Question

3) [4] Below are the observed and expected (in parentheses) frequencies for athletic injuries for those athletes who properly stretched versus those who did not. Assuming a ? 2 Test for Independence test is being conducted, at ? = 0.05, are athletic injuries independent of stretching? Only list steps 3-7 of the hypothesis test.

	Stretched	Not stretched	Totals
Injury	18 (20.8)	22 (19.2)	40
No Injury	211 (208.2)	189 (191.8)	400
Totals	229	211	440

Answer 1

The hypothesis for testing is:

The null hypothesis: H₀: Athletic injuries are independent of stretching

The alternative hypothesis: H_a: Athletic injuries are not independent of stretching

Load the data into Excel.

Go to Data>Megastat.

Select the option Chi-square/Crosstab and go to Contingency Table.

Select the Input Range as the data set.

Click OK.

The output obtained will be as follows:

		Stretched	Not stretched	Total
Injury	Observed	18	22	40
	Expected	20.82	19.18	40.00
	O - E	-2.82	2.82	0.00
	(O - E)² / E	0.38	0.41	0.80
No Injury	Observed	211	189	400
	Expected	208.18	191.82	400.00
	O - E	2.82	-2.82	0.00
	(O - E)² / E	0.04	0.04	0.08
Total	Observed	229	211	440
	Expected	229.00	211.00	440.00
	O - E	0.00	0.00	0.00
	(O - E)² / E	0.42	0.46	0.88
		.88	chi-square
		1	df
		.3495	p-value

The chi-square test statistic, X² from the output is 0.88.
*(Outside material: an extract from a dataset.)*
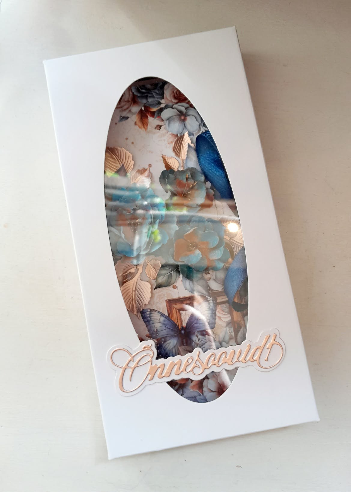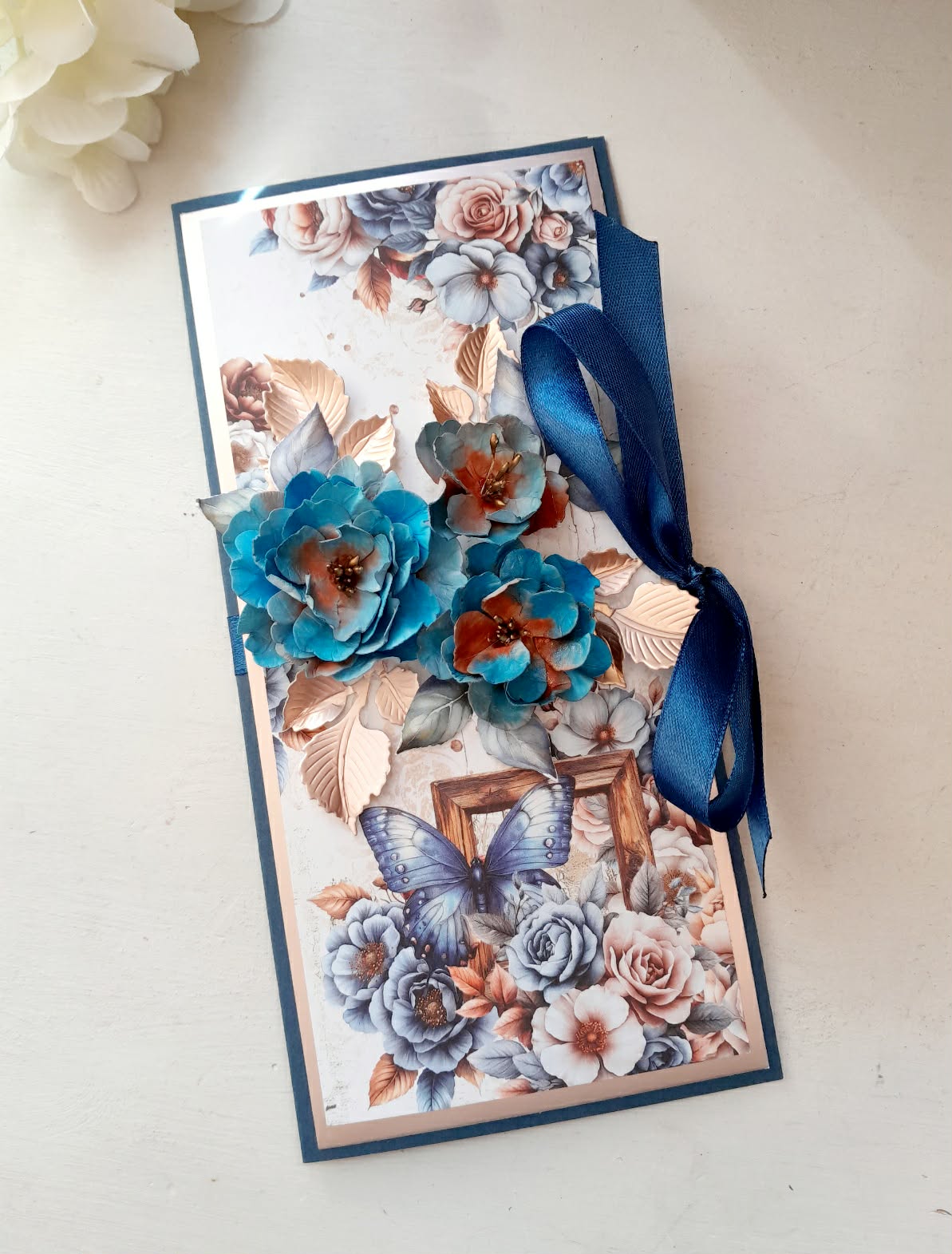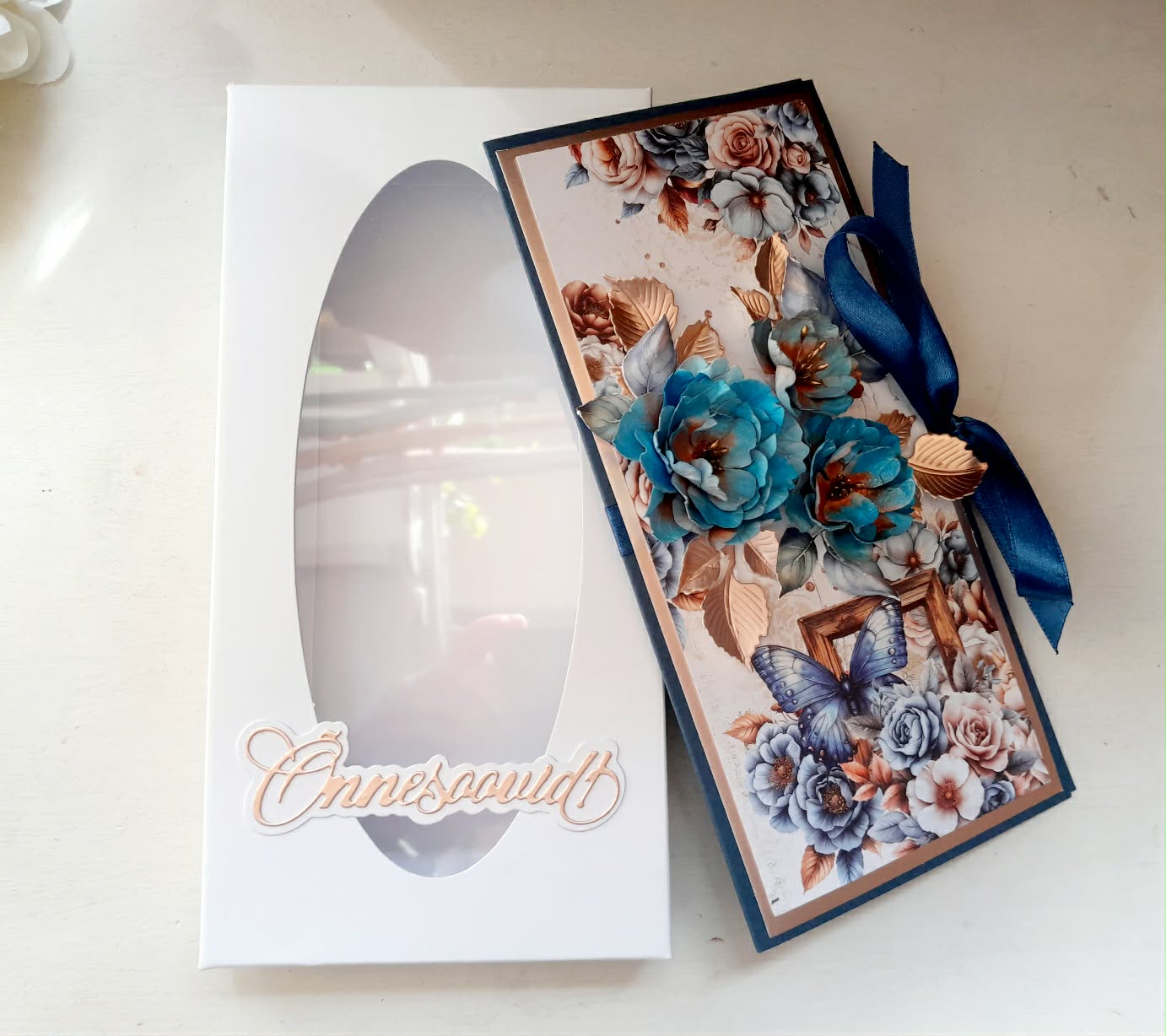 Tähtpäevaks käsitööna valmistatud kaart, rahatasku lisamise võimalusega.

The chi-square critical value, X²_criticalfor the degree of freedom, df = 1 and significance level = 0.05 from the chi-square critical value table is 3.841.

The p-value from the output is 0.3495.

Decision:

Since the p-value (0.3495) is greater than the significance level (0.05), we fail to reject the null hypothesis.

Decision:

Since the chi-square test statistic, X² (0.88) is less than the chi-square critical value, X²_critical (3.841), we fail to reject the null hypothesis.

Conclusion:

There is not sufficient evidence to warrant rejection of the claim that athletic injuries are independent of stretching.